Accuracy and Recall: All LLMs demonstrated high accuracy, exceeding 90%, with recall rates surpassing 97%. This is critical as high recall ensures minimal loss of relevant literature during filtration.
Efficiency: The use of LLMs reduced the initial review time from several weeks to minutes. For instance, GPT-4o processed the dataset in under ten minutes, costing approximately $28.81.
Consensus Voting: The application of consensus schemes significantly improved filtration accuracy. A "Consensus (Best)" approach, utilizing the top-performing models, achieved a recall rate of over 98.8%, with only a single paper misclassified as a false negative.

Implications and Future Directions

The demonstrated ability of LLMs to substantially reduce the initial workload and time required for SLRs presents multiple implications:

Resource Allocation: Significant reduction in manual efforts allows researchers to focus more on synthesis and analysis, optimizing resource use.
Scalability: The methodology's scalability makes it suitable for large-scale reviews across diverse academic fields.
Interdisciplinary Research: The improved and efficient filtration may facilitate broader interdisciplinary studies by making initial literature surveys less burdensome.
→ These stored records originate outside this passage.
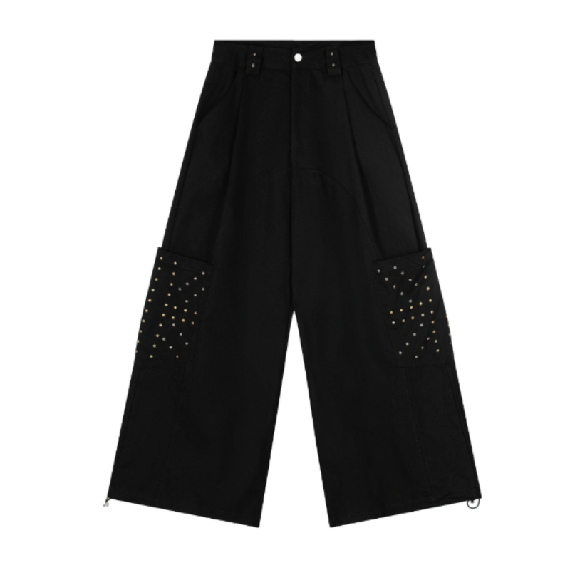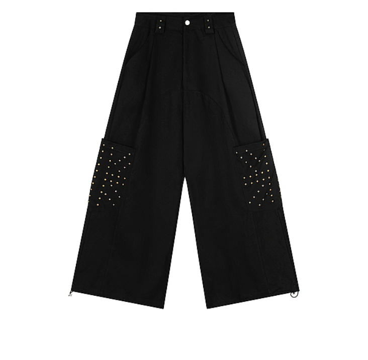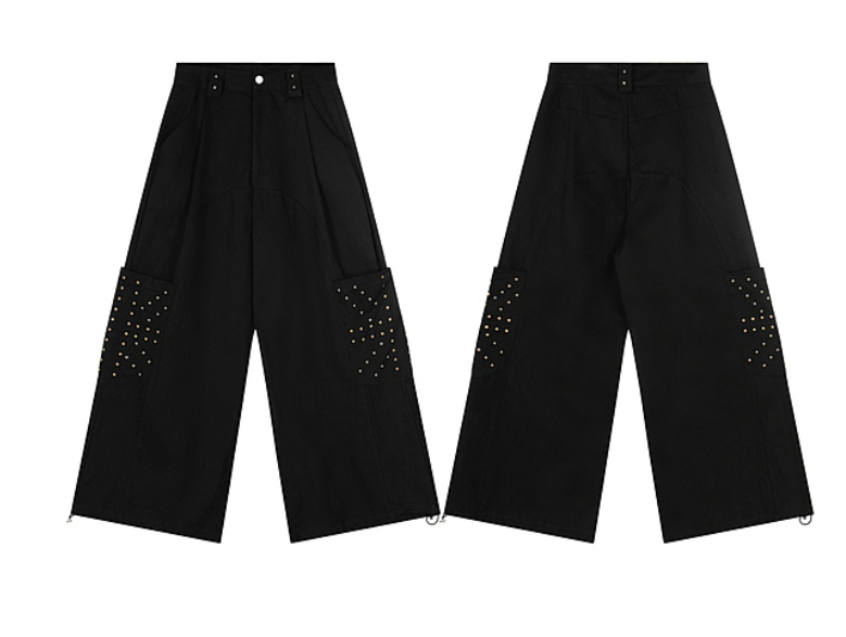 European And American High Street Geometric Pattern Rivet Design Sports Pants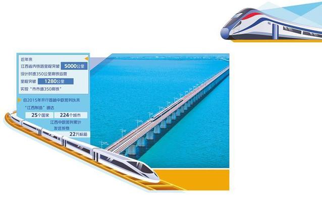 从畅通群众出行路,到服务区域协同发展大局,再到“与世界对话”,江西省交通强省的建设步伐不断加快。近年来,江西省内铁路里程突破5000公里,设计时速350公里高铁运营里程突破1280公里,实现“市市通350高铁”。沪昆通道、沿江通道、厦渝通道和京港(台)通道以“三横一纵”在赣鄱大地上刻下“丰”字,一张交通四通八达、产业新兴强劲、民生幸福笃实的蓝图正成为现实。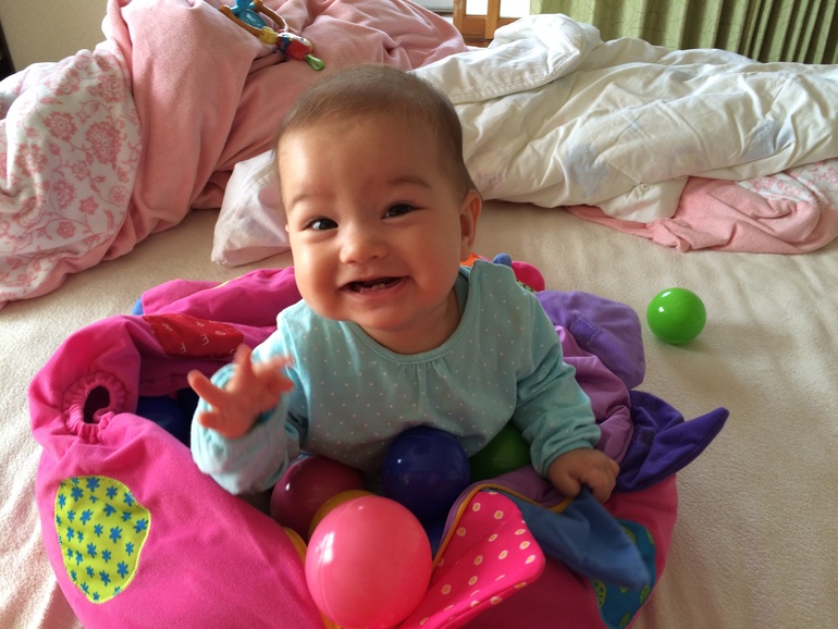 Любимое занятие: вытащить и облизать все игрушки из небольшой корзины! Сидя на полу это развлечение хорошо может занять дочу. Как только корзина пуста- интерес пропадает, потому кто-нибудь из нас кто хочет тишины опять приходит на помощь.

The paper also highlights potential pathways for future research. These include refining prompt engineering techniques to enhance LLM performance further, exploring few-shot or zero-shot learning for more nuanced classification tasks, and extending automation to subsequent stages of the SLR process, such as paper coding and qualitative analysis.

Conclusion

This paper offers a comprehensive evaluation of leveraging LLMs for systematic literature filtration, providing a robust and structured methodology that can significantly enhance efficiency and accuracy. The findings suggest that incorporating LLMs into the academic review process can transform the conventional labor-intensive methods into more streamlined and scalable approaches, potentially revolutionizing how systematic literature reviews are conducted in the future. This research underscores the growing potential of responsible AI integration in academic practices, paving the way for broader and more accessible applications in advancing scholarly work.